## TASK TO COMPLETE
The lines to extract run from the start of the records through the line with "As a player", both ends included; drop the pictures.

## TASK MATERIAL

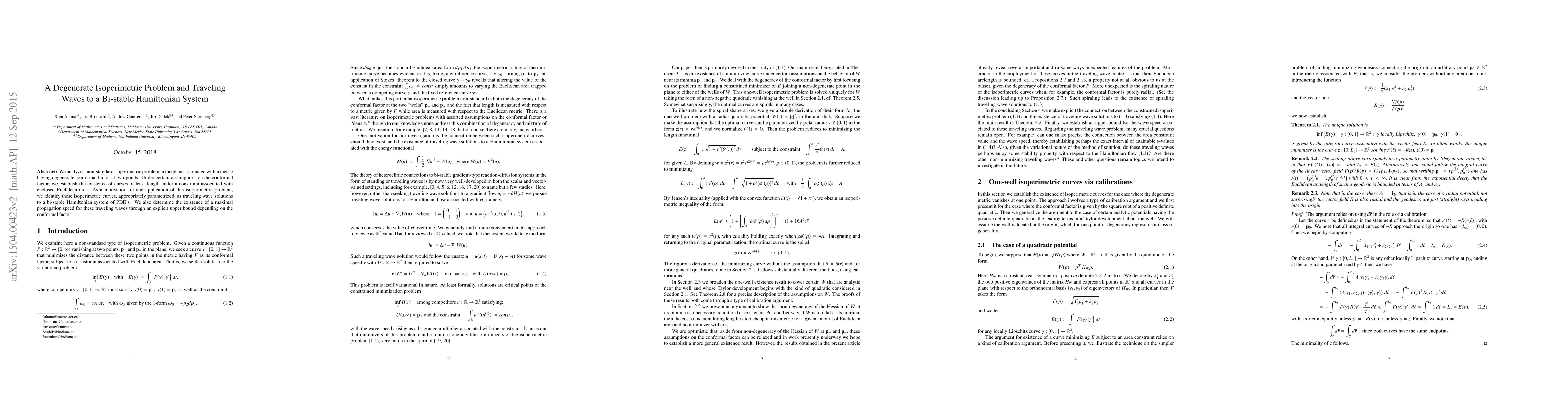 We analyze a non-standard isoperimetric problem in the plane associated with a metric having degenerate conformal factor at two points. Under certain assumptions on the conformal factor, we establish the existence of curves of least length under a constraint associated with enclosed Euclidean area. As a motivation for and application of this isoperimetric problem, we identify these isoperimetric curves, appropriately parametrized, as traveling wave solutions to a bi-stable Hamiltonian system of PDE's. We also determine the existence of a maximal propagation speed for these traveling waves through an explicit upper bound depending on the conformal factor.
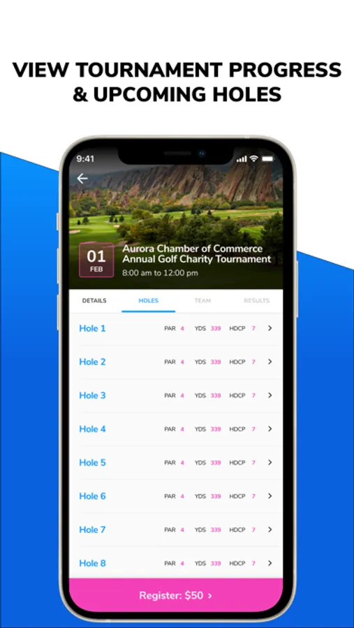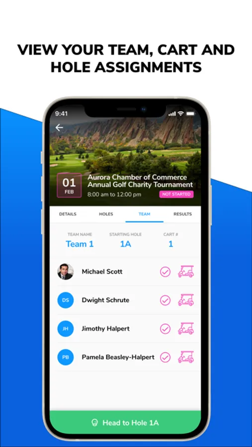 As a player you can register for your tournament, pay your greens fees, check-in to the tournament, and get ready to golf. After a smooth and seamless registration and check-in you can use the Clava Golf app to view your team, see which cart you're on, and check out the details of the course you're about to play.
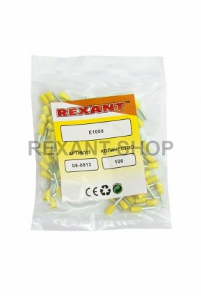 НАКОНЕЧНИК ШТЫРЕВОЙ ВТУЛОЧНЫЙ изолированный (НШВИ F-8мм) 1мм² (E1008, СЕ010008red) желтый REXANT предназначен для создания быстрого и качественного подключения различного электрооборудования и монтажа электросетей. Такой современный способ подготовки кабеля к соединению заменяет процесс облуживания или скрутки многожильных медных проводов, формируя целостностное окончание кабеля с последующим подключением промышленного или бытового электрооборудования. Втулочный наконечник состоит из латуни, с поверхностным электролитическим лужением, и рассчитан на монтаж одного проводника с соответствующим сечением под опрессовку. Предварительно зачищенная жила заводится внутрь латунной втулки, и обжимается специальными пресс-клещами (HT-864 арт.12-3202, 12-3202-4; HT-866 арт.12-3205; HT8 6-4 арт.12-3106; HT-301E арт.12-3113, 12-3114, 12-3013) в считанные секунды. Для удобства заведения многожильного провода внутрь латунной втулки предусмотрена манжета конической формы, изготовленная из поливинилхлорида (ПВХ), обеспечивающая надежную защиту соединения от влаги и других внешних воздействий. Технические характеристики:
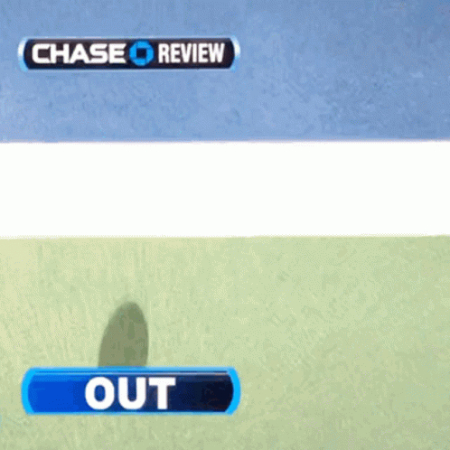 A tennis line call review confirms the ball landed out of bounds, displayed with a 'Chase Review' graphic.
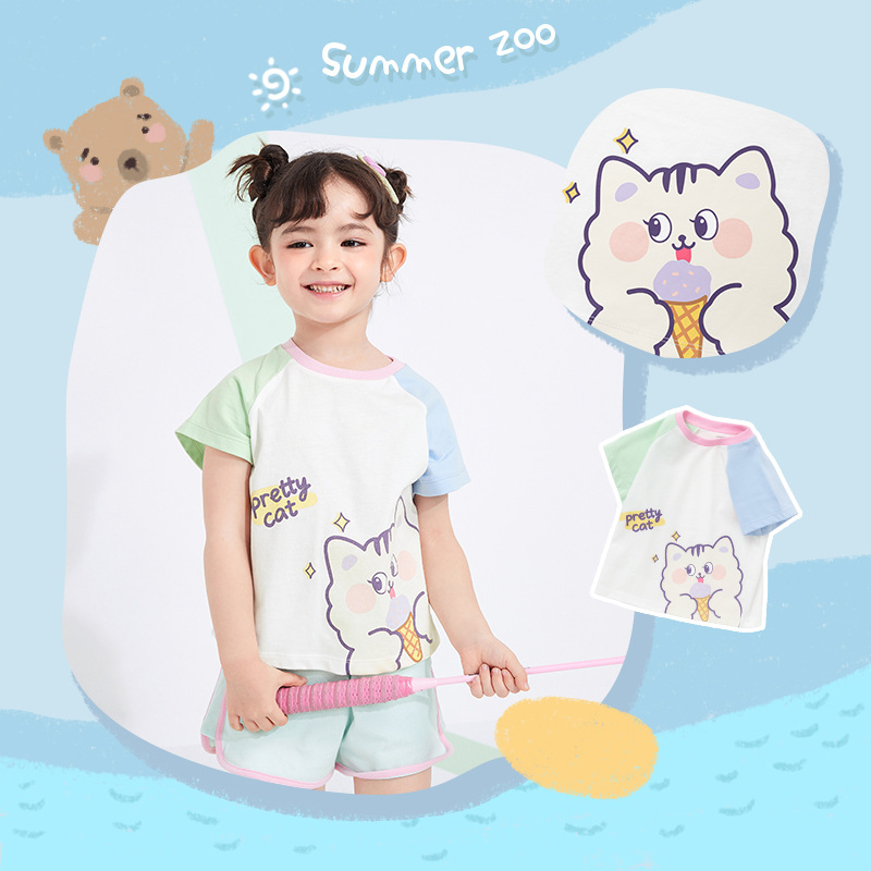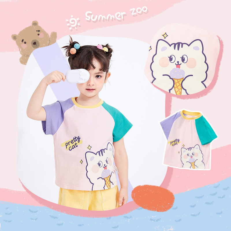 2022 새 소녀 티셔츠 어린이 반팔 여름 옷 어린이 달콤한 시원한 대비 컬러 탑스토어 가기
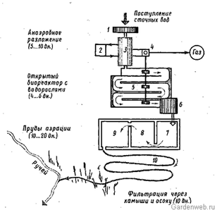 Первая серия прудов предназначена для осаждения сточных вод. На этой стадии в ходе анаэробных процессов разложения образуется биогаз (смесь метана, диоксида углерода, аммиака и других газов). Биогаз является вполне пригодным топливом для двигателей и газовых плит. Биогаз, уходящий в атмосферу, загрязняет воздух и способствует «парниковому эффекту» (нагревание! атмосферы земли, способное изменить климат планеты). Исходя из этих соображений, биогаз, образующийся при первичном разложении сточных вод, следует собирать и использовать.
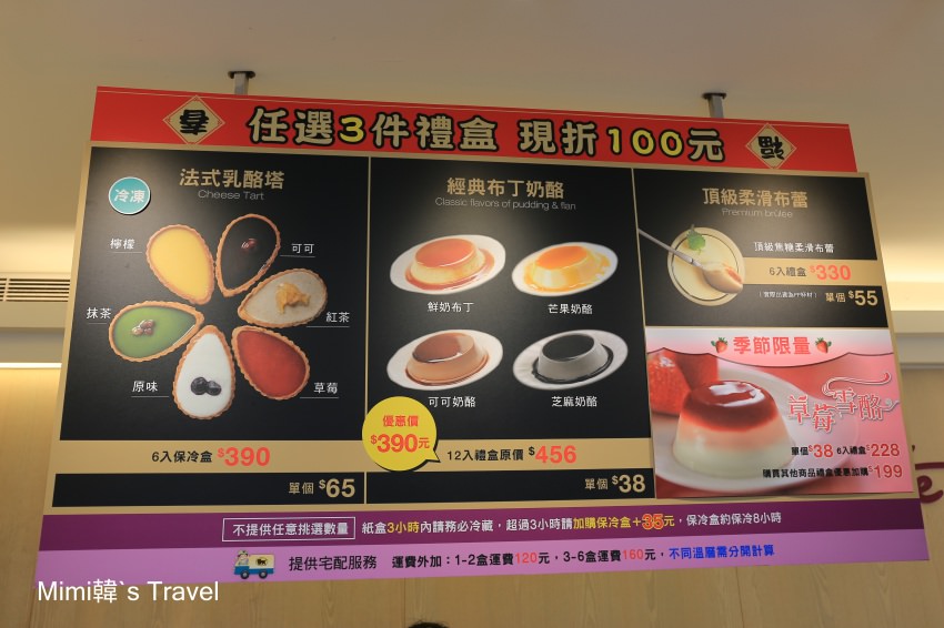 農曆新年前後目前正推出年節優惠,法式乳酪塔、經典布丁奶酪、頂級柔滑布蕾等,現在任選三件禮盒現折100元,而且布丁禮盒還有優惠價$390元 😆
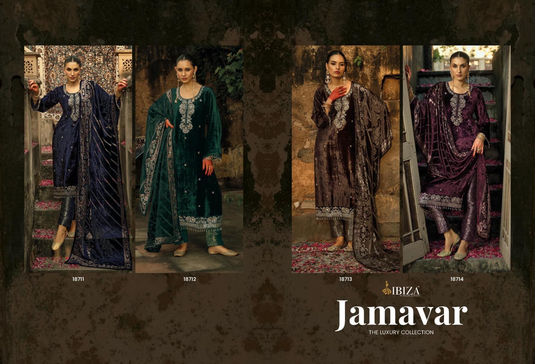 🙏🙏 IBIZA 🙏🙏 NEW SERIES JAMAVAR PREMIUM VELVET 👊Fabric Details👊 👗Top:-PURE VISCOSE VELVET BEADS WORK BOTTOM:-PURE JAMAVAR SILKY JACQUARD 🔻Designs:- 4 PCS Rate:- 2595/-
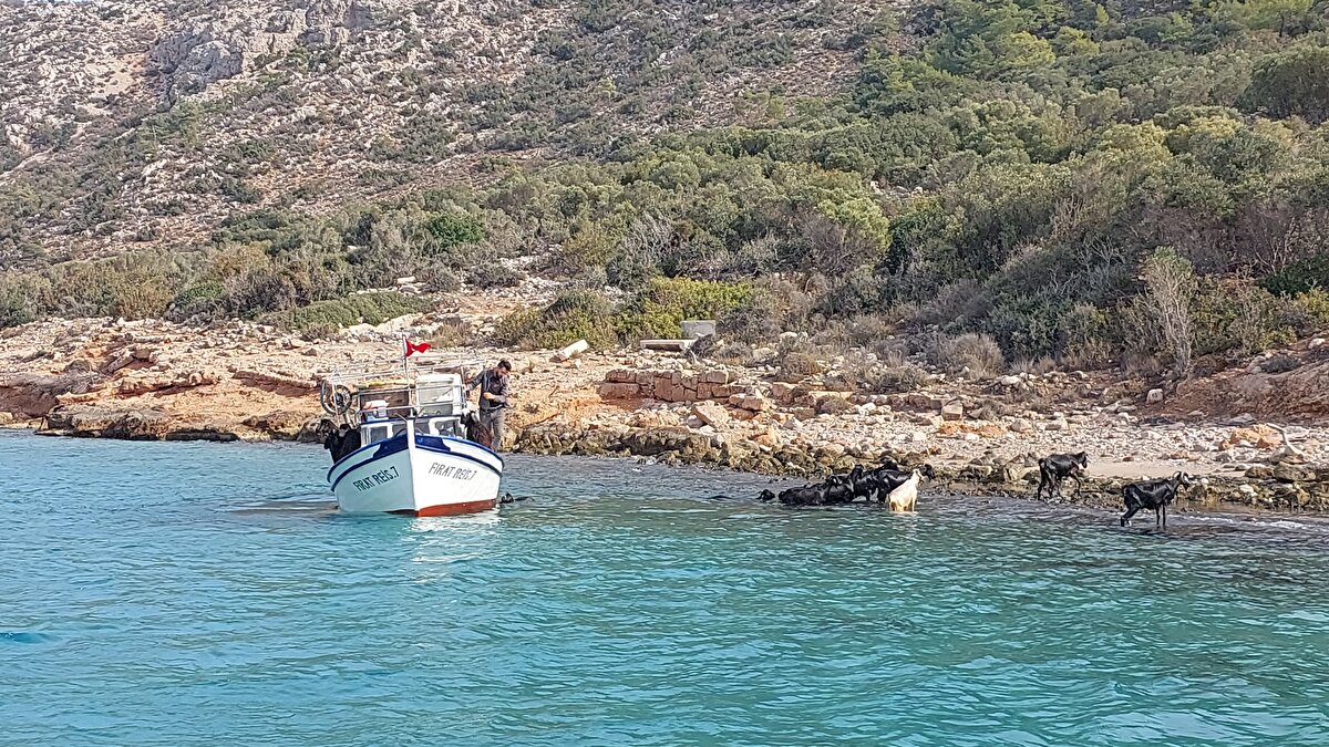 Bir süre adaya bırakılan keçilere, zaman zaman su da götürülüyor.
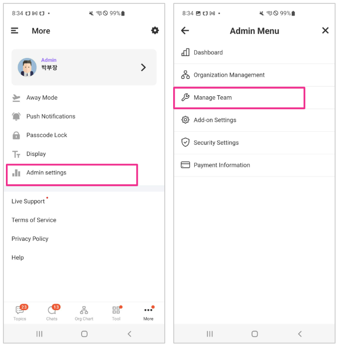 1. Go to the more [...] icon at the lower right corner of the mobile app. Then go to [Admin Settings] > [Manage Team].
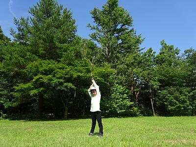 「葉っぱいい匂い~」っと、草笛をしてみたり!
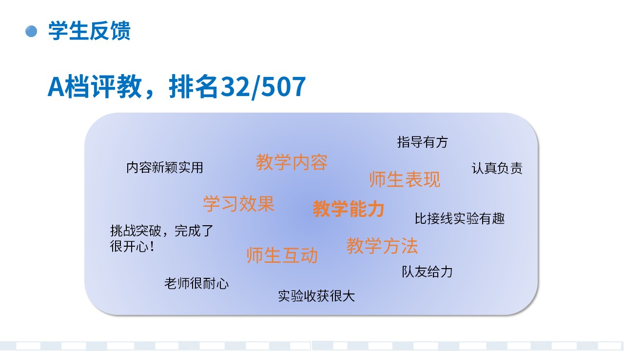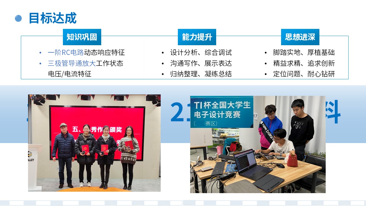 a. 实践类课程实验中遇到非预期的输出是常见且宝贵的学习机会,实验是环环相扣的复杂系列过程,分析问题、定位问题、解决问题的过程不仅有助于巩固理论知识、积累工程经验,更能培养耐心钻研、勇于克服困难的品性和解决实际问题的综合能力。b. 本实验项目的电路设计和底层判据是基于基础原理知识,复杂综合的电路系统的根基是对最基本原理的熟悉和灵活应用,脚踏实地打好基础尤为重要。c. 本实验项目内容可扩展进深,且设置集体作品展示和答辩,对优异性能指标或有拓展附加功能作品予以奖励,鼓励学生追求精益求精和创新。
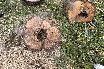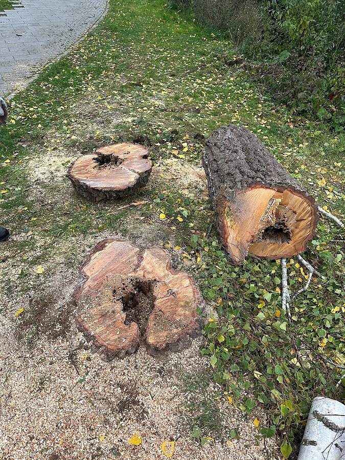 Beim Fällen haben sich die Einschätzungen der Baumgutachter und der städtischen Experten bestätigt. Beide Birken waren im Stamm bereits verfault und teilweise hohl. Damit war die Standfestigkeit überhaupt nicht mehr gegeben (siehe Foto unten).

## RESULT BELOW
 We analyze a non-standard isoperimetric problem in the plane associated with a metric having degenerate conformal factor at two points. Under certain assumptions on the conformal factor, we establish the existence of curves of least length under a constraint associated with enclosed Euclidean area. As a motivation for and application of this isoperimetric problem, we identify these isoperimetric curves, appropriately parametrized, as traveling wave solutions to a bi-stable Hamiltonian system of PDE's. We also determine the existence of a maximal propagation speed for these traveling waves through an explicit upper bound depending on the conformal factor.
 As a player you can register for your tournament, pay your greens fees, check-in to the tournament, and get ready to golf. After a smooth and seamless registration and check-in you can use the Clava Golf app to view your team, see which cart you're on, and check out the details of the course you're about to play.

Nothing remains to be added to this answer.